Radiation Hybrid Mapping


Radiation hybrid mapping is a genetic technique that was originally developed for constructing long-range maps of mammalian chromosomes . It is based on a statistical method to determine not only the distances between deoxyribonucleic acid (DNA) markers but also their order on the chromosomes. DNA markers are short, repetitive DNA sequences, most often located in noncoding regions of the genome , that have proven extremely valuable for localizing human disease genes in the genome.

Theory and Application

In radiation hybrid mapping, human chromosomes are separated from one another and broken into several fragments using high doses of X rays. Similar to the underlying principle of mapping genes by linkage analysis based on recombination events, the farther apart two DNA markers are on a chromosome, the more likely a given dose of X rays will break the chromosome between them and thus place the two markers on two different chromosomal fragments. The order of markers on a chromosome can be determined by estimating the frequency of breakage that, in turn, depends on the distance between the markers. This technique has been used to construct whole-genome radiation hybrid maps.

Technique

A rodent-human somatic cell hybrid ("artificial" cells with both rodent and human genetic material), which contains a single copy of the human chromosome

Radiation hybrid mapping process.

of interest, is X-irradiated. This breaks the chromosome into several pieces, which are subsequently integrated into the rodent chromosomes. In addition, the dosage of radiation is sufficient to kill the somatic cell hybrid or donor cells, which are then rescued by fusing them with nonirradiated rodent recipient cells. The latter, however, lack an important enzyme and are also killed when grown in a specific medium. Therefore, the only cells that can survive the procedure are donor-recipient hybrids that have acquired a rodent gene for the essential enzyme from the irradiated rodent-human cell line (see Figure above).

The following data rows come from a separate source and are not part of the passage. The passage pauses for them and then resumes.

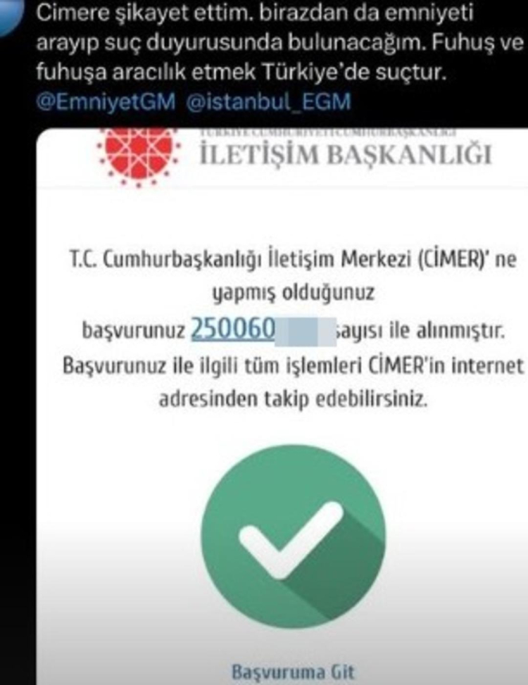 Sosyal medyada tepki gösterilen Merve Taşkın'a; 'Cimer'e şikayet ettim', 'Emniyeti arayıp suç duyurusunda bulunacağım' gibi mesajlar atıldı.
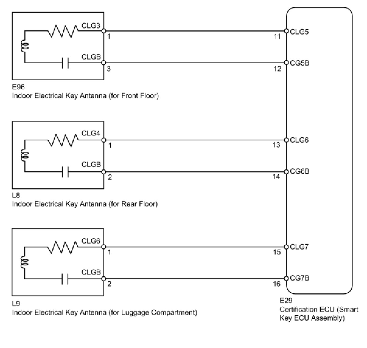 - If the buzzer does not sound for any indoor electrical key antennas, the certification ECU (smart key ECU assembly) circuit may have a malfunction.
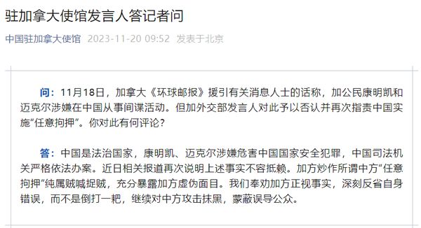 中国驻加拿大使馆:加方炒作所谓中方“任意拘押”纯属贼喊捉
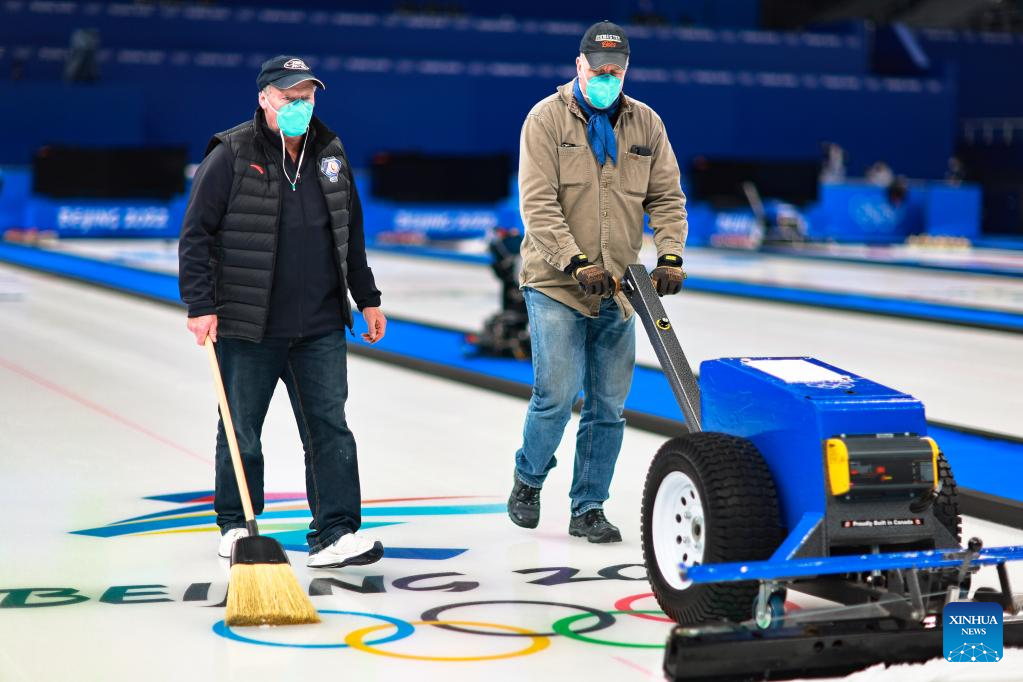 Hans Wuthrich (L) instructs ice-making work at the National Aquatics Center in Beijng, capital of China, Jan. 28, 2022. Hans Wuthrich, a Canadian professional ice technician of World Curling Federation, has been working for world-class curling competitions for years. This is the fourth Olympics for Wuthrich to work as a chief ice technician, responsible for ice-making work of four curling lanes in China's National Aquatics Center, also known as the Ice Cube. (Xinhua/Liu Xu)

From these donor-recipient hybrids, clones can be isolated and tested for the presence or absence of DNA markers on the human chromosome of interest, and the frequencies with which markers were retained in each clone can be calculated. This process is complicated by the fact that hybrids may contain more than one DNA fragment. For example, two markers retained in one hybrid may result from retention of the two markers on separate fragments or from no break between the markers. However, the frequency of breakage, theta, can be estimated using statistical methods, and a lod score (logarithm of the likelihood ratio for linkage) can be calculated to identify significantly linked marker pairs.